Occorre poi liberare tempi di vita dal giogo del lavoro. Se le otto ore di lavoro per cinque giorni sembravano un limite da abbassare, oggi la situazione è ben peggiore. In campo operaio, impiegatizio e nel ramo della logistica, la attuali ore lavorate settimanalmente sono ben più alte delle quaranta ore stabilite dai Contratti nazionali del lavoro. La religione della prestazione, del lavoro continuo o a cottimo, in condizioni semifeudali, è ormai largamente egemone. Questa non è la vita che vogliamo! Non siamo bestie da soma.

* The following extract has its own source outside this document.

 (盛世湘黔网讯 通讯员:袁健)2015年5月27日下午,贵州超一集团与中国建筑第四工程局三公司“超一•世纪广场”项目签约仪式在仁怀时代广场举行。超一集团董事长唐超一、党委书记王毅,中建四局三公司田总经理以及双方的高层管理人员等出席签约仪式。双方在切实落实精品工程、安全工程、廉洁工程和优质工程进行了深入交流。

Per non dover scegliere tra salute e lavoro, come nel caso di Taranto, è necessario che lavoratori e lavoratrici possano decidere insieme alla cittadinanza cosa produrre e in che modalità. La mercificazione di ogni aspetto della vita ci rende schiavi di una macchina infernale, che succhia ogni energia dalla nostra vita e ci trasforma in consumatori bulimici. È necessario produrre l’essenziale, accorciare le filiere e mettere al centro della produzione la qualità di vita di chi lavora.

Queste rivendicazioni mirano a scardinare l’assetto capitalistico vigente, che si basa su ipersfruttamento e ricerca del profitto ad ogni costo, umano e ambientale. Il Recovery fund è una toppa temporanea che non può guarire un sistema malato nelle sue stesse premesse.

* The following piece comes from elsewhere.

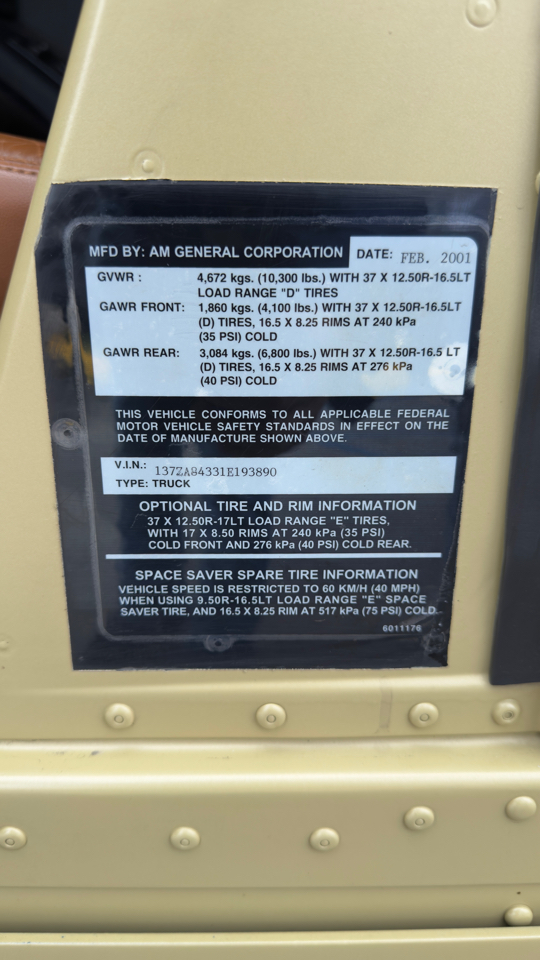 2001 AM General Hummer 4-Passenger Wgn Enclosed

Le attuali restrizioni lo dimostrano in modo chiaro. Nell’arco di un anno sono state cancellate conquiste sociali date per acquisite, facendoci ricadere in un regime patriarcale di sfruttamento: gli uomini devono produrre, mentre sulle donne ricade il peso della cura e della riproduzione sociale.

Come la catastrofe climatica dimostra, questo sistema non è più sostenibile! Dobbiamo organizzarci e lottare, tutti e tutte, per rivoluzionare l’attuale modo di produzione capitalista. Le resistenze di settori di lavoratori, i movimenti femministi, le lotte degli operai della logistica e nei territori ci insegnano come fare: se non ora quando?